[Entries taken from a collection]
※ ※ ※
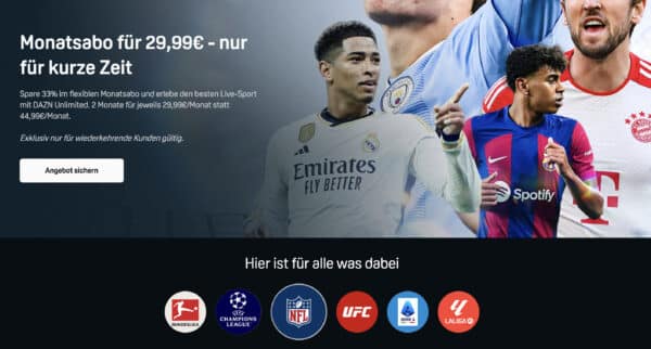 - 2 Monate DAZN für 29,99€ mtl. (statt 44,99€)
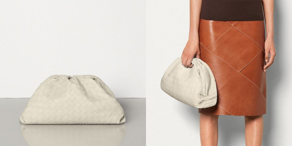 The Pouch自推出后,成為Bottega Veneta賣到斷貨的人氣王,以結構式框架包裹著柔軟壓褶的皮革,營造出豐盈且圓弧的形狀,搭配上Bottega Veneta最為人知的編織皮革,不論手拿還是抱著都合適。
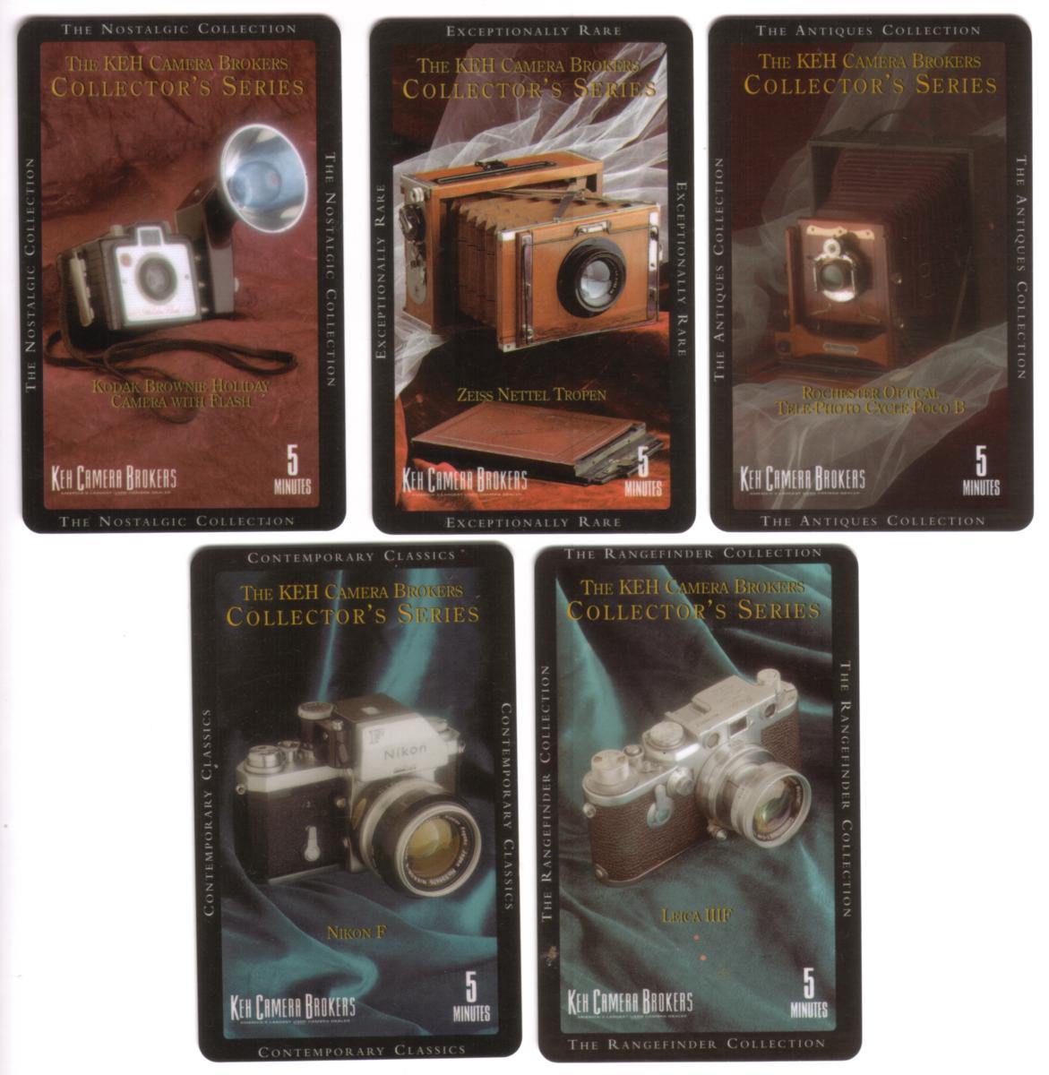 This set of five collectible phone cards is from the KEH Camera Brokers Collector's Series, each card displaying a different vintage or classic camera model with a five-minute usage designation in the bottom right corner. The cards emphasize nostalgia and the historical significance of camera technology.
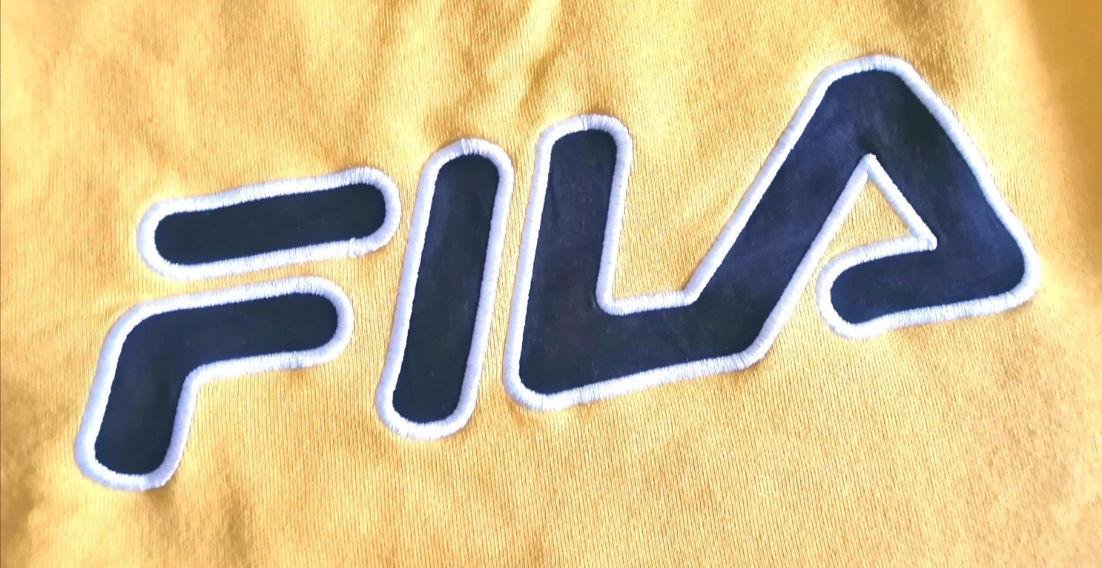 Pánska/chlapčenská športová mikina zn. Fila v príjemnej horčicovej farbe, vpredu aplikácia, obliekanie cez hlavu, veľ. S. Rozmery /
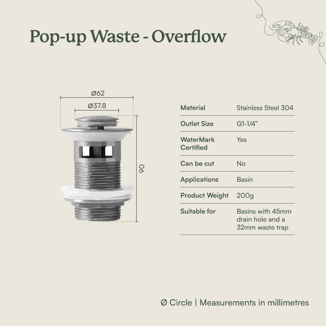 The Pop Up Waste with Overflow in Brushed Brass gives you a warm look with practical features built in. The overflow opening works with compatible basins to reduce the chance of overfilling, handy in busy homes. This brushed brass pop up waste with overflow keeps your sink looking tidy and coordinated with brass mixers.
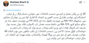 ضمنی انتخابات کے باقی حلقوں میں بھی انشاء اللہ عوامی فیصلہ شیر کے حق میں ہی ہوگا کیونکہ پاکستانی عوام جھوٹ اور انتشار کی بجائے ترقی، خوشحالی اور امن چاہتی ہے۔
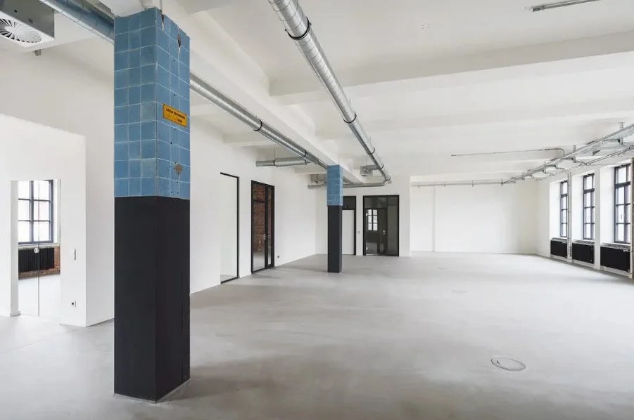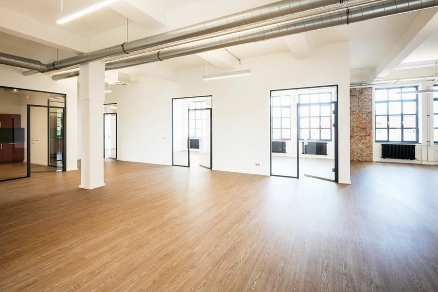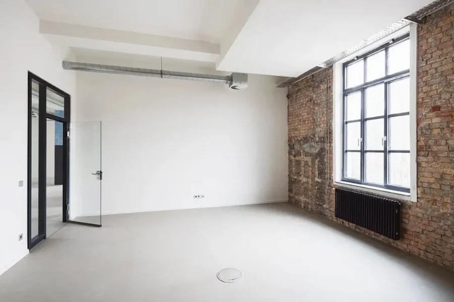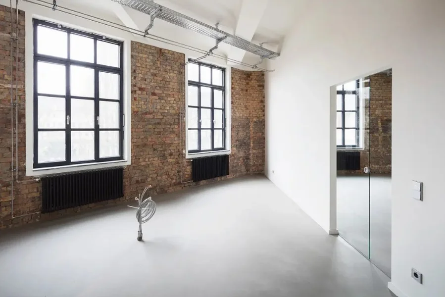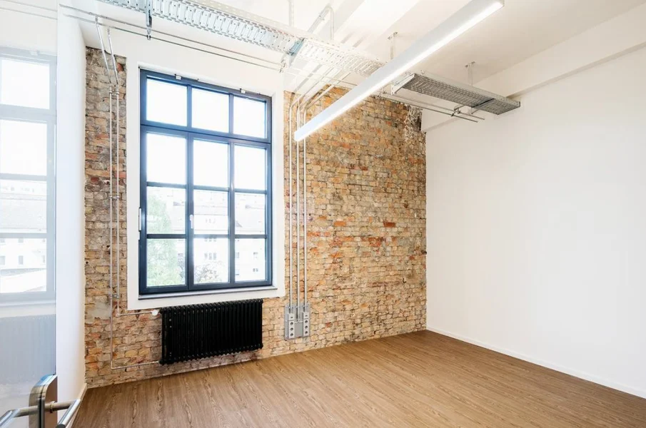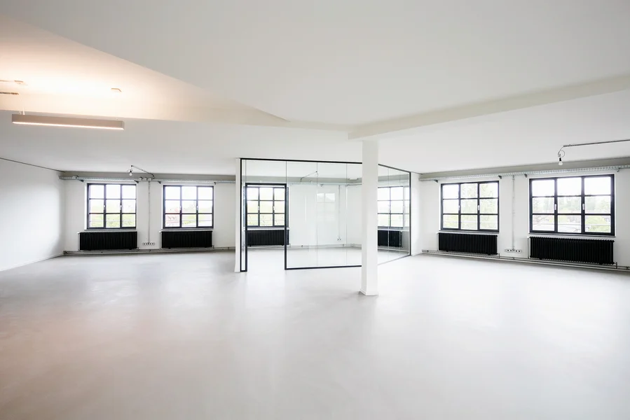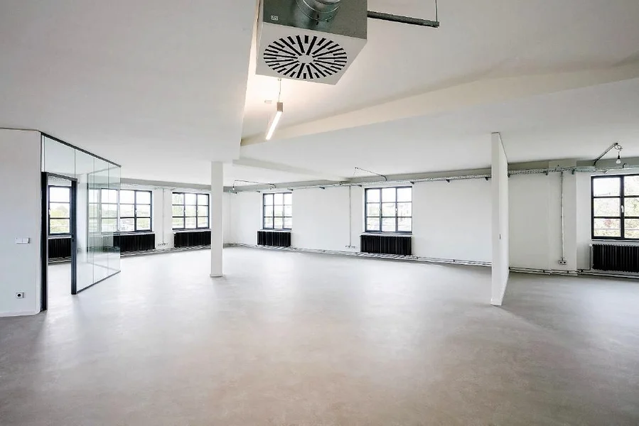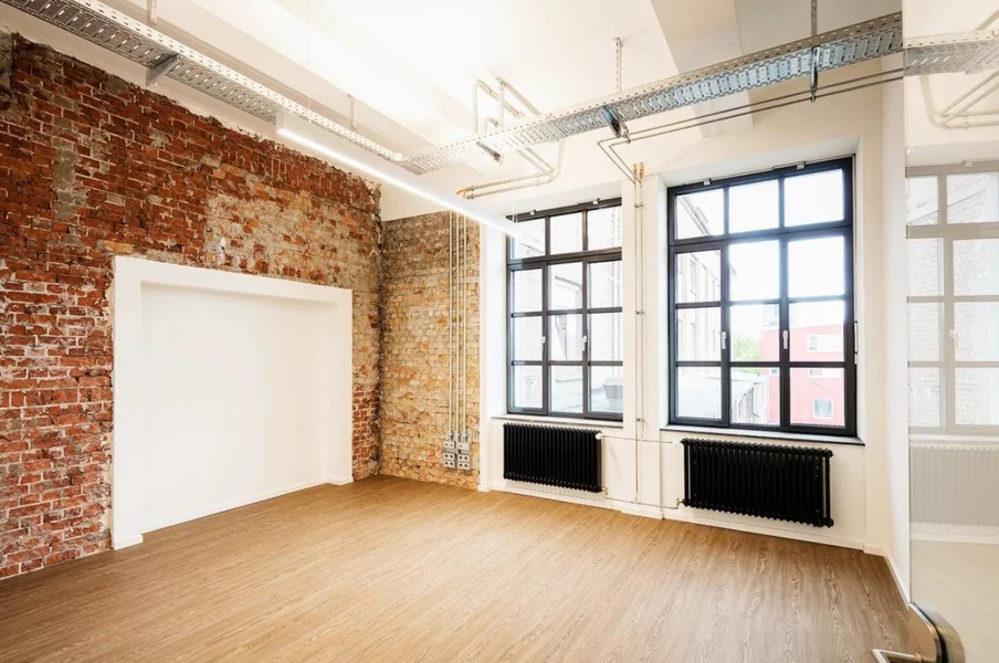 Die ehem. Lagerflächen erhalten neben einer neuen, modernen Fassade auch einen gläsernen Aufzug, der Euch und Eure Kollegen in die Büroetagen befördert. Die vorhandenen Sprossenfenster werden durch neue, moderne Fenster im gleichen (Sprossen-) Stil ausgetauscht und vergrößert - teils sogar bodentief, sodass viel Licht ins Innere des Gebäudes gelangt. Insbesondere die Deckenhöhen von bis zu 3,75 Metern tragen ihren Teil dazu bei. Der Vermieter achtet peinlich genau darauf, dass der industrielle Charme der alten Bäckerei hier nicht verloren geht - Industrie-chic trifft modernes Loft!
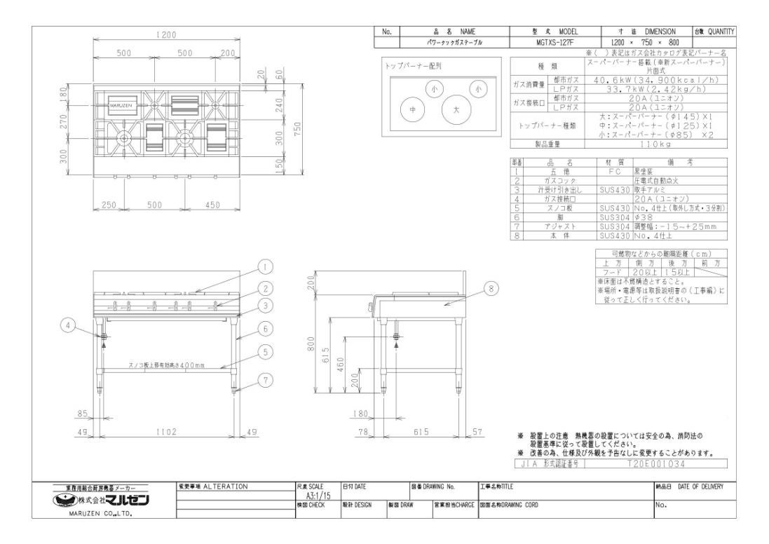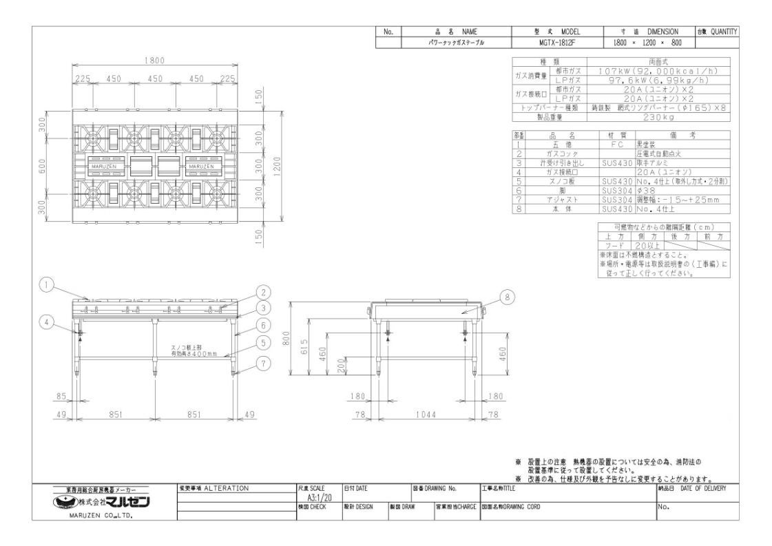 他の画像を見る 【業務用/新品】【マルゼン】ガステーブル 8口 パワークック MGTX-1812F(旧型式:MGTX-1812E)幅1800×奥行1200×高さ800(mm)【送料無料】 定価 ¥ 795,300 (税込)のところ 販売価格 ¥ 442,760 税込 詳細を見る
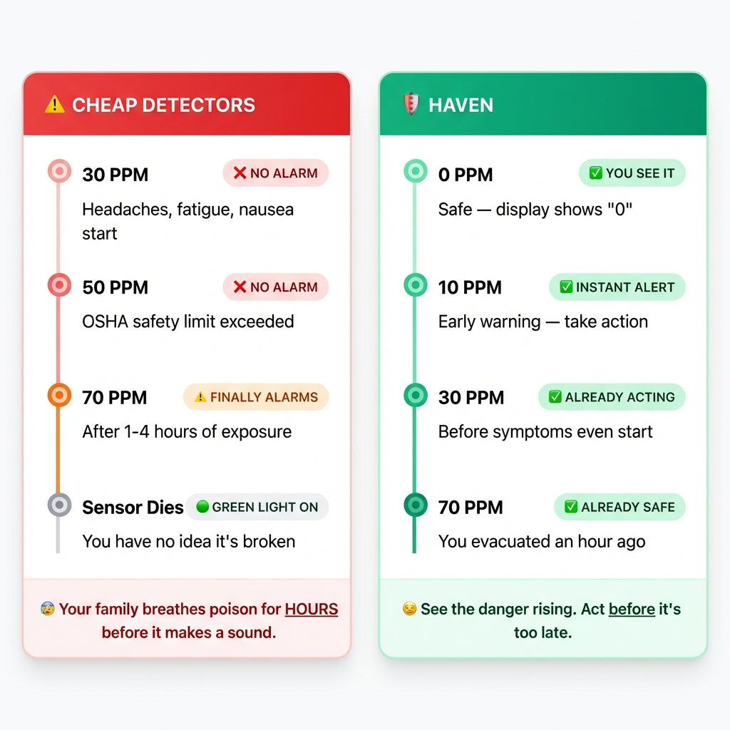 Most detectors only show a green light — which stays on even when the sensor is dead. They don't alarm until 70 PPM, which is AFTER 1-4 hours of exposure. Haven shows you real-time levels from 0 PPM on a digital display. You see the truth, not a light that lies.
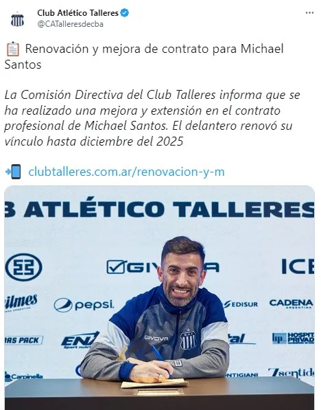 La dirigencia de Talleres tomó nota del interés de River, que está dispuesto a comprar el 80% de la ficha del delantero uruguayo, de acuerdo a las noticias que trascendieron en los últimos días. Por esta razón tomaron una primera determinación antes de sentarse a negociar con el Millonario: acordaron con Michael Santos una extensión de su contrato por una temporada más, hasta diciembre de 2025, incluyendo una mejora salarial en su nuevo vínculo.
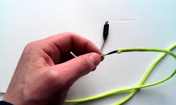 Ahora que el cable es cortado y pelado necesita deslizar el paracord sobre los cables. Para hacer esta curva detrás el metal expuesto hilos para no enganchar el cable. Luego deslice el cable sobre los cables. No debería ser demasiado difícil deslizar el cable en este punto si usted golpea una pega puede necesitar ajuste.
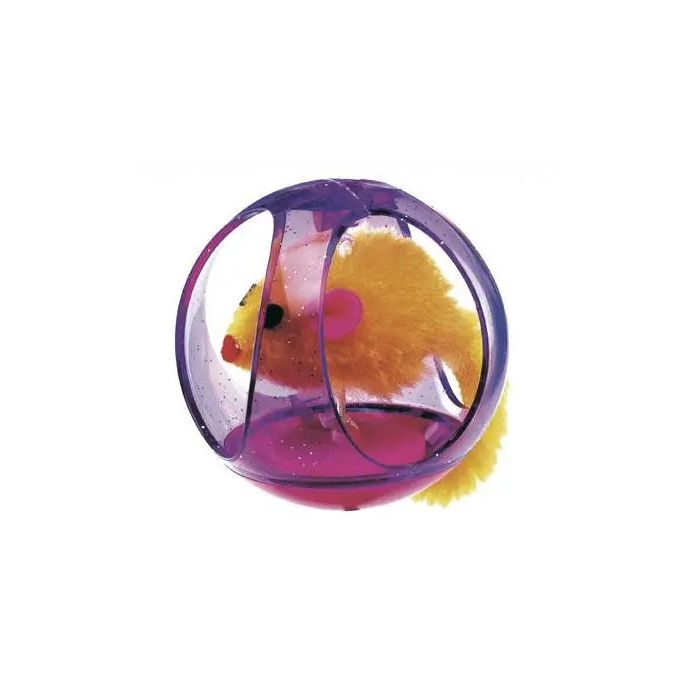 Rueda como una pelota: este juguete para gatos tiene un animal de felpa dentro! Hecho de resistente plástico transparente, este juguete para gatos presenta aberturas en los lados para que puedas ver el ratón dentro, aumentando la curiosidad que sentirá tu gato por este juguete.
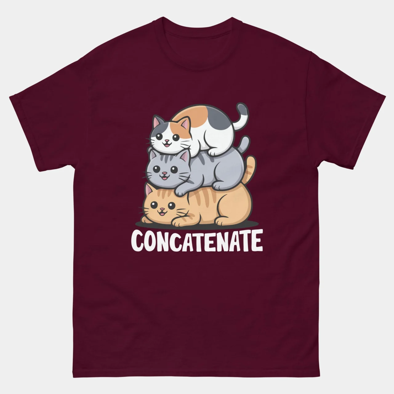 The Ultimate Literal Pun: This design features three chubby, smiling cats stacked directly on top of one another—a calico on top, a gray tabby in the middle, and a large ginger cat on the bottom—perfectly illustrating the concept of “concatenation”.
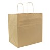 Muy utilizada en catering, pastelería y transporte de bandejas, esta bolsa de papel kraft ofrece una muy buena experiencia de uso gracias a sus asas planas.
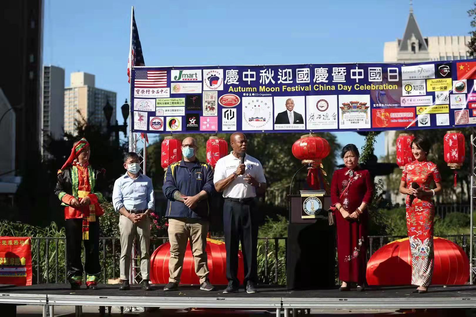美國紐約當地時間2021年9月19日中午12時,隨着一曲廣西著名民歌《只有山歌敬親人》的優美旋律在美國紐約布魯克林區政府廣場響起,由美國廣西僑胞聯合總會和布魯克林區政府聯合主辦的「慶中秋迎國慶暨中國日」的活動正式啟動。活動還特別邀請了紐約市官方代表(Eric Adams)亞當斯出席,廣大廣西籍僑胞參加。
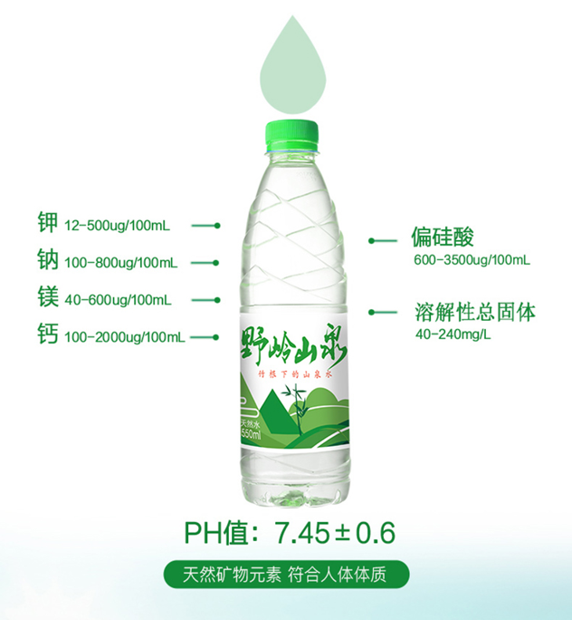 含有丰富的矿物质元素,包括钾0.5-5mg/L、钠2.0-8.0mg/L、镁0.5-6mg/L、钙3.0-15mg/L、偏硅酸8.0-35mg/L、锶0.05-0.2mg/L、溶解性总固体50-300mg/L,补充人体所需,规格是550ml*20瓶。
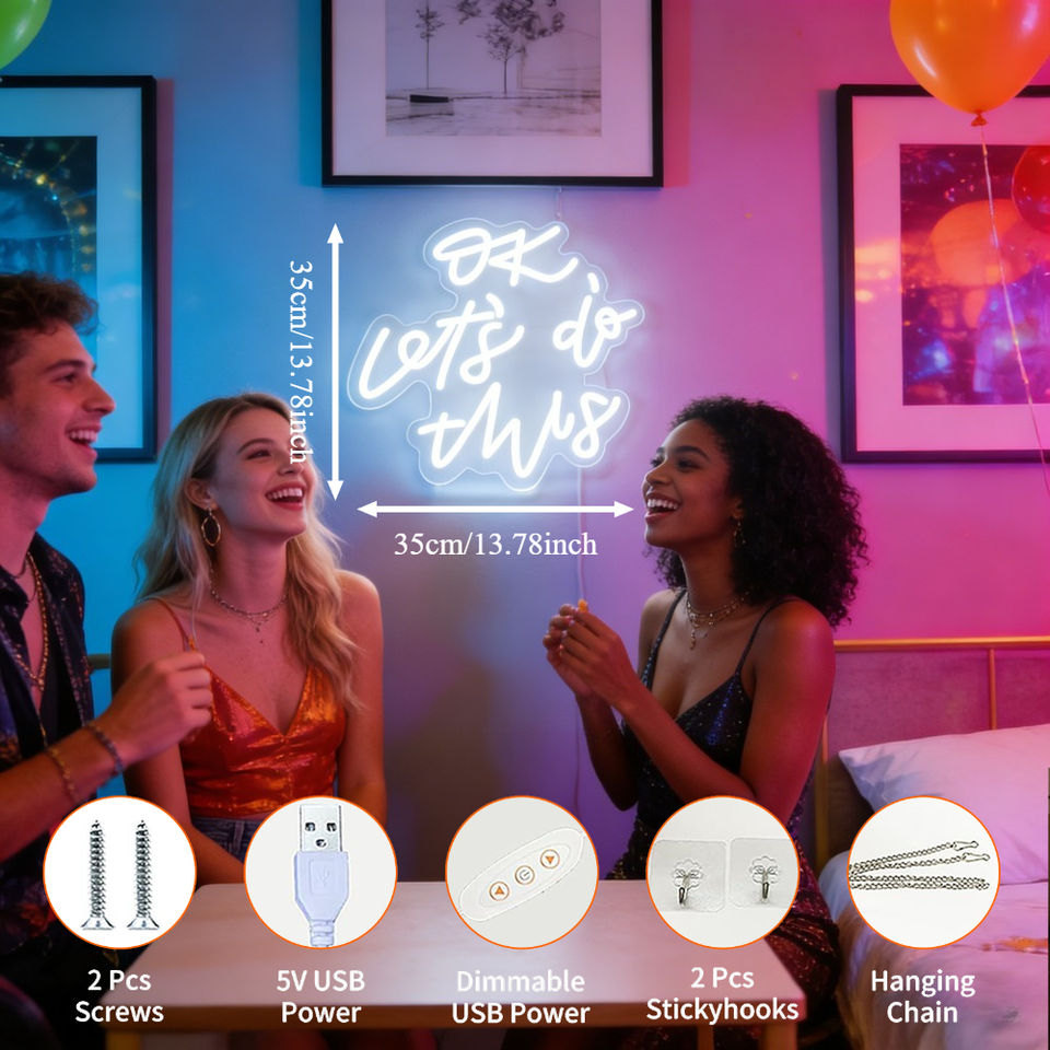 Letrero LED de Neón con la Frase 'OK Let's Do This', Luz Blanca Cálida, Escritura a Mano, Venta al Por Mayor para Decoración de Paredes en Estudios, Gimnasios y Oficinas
※ ※ ※
#### YOUR OBJECTIVE
Whatever pictures the records hold, omit them; give again exactly the lines from the one containing "他の画像を見る 【業務用/新品】【マルゼン】ガステーブル 8口" through the one containing "Rueda como una".

#### OUTPUT BELOW
 他の画像を見る 【業務用/新品】【マルゼン】ガステーブル 8口 パワークック MGTX-1812F(旧型式:MGTX-1812E)幅1800×奥行1200×高さ800(mm)【送料無料】 定価 ¥ 795,300 (税込)のところ 販売価格 ¥ 442,760 税込 詳細を見る
 Most detectors only show a green light — which stays on even when the sensor is dead. They don't alarm until 70 PPM, which is AFTER 1-4 hours of exposure. Haven shows you real-time levels from 0 PPM on a digital display. You see the truth, not a light that lies.
 La dirigencia de Talleres tomó nota del interés de River, que está dispuesto a comprar el 80% de la ficha del delantero uruguayo, de acuerdo a las noticias que trascendieron en los últimos días. Por esta razón tomaron una primera determinación antes de sentarse a negociar con el Millonario: acordaron con Michael Santos una extensión de su contrato por una temporada más, hasta diciembre de 2025, incluyendo una mejora salarial en su nuevo vínculo.
 Ahora que el cable es cortado y pelado necesita deslizar el paracord sobre los cables. Para hacer esta curva detrás el metal expuesto hilos para no enganchar el cable. Luego deslice el cable sobre los cables. No debería ser demasiado difícil deslizar el cable en este punto si usted golpea una pega puede necesitar ajuste.
 Rueda como una pelota: este juguete para gatos tiene un animal de felpa dentro! Hecho de resistente plástico transparente, este juguete para gatos presenta aberturas en los lados para que puedas ver el ratón dentro, aumentando la curiosidad que sentirá tu gato por este juguete.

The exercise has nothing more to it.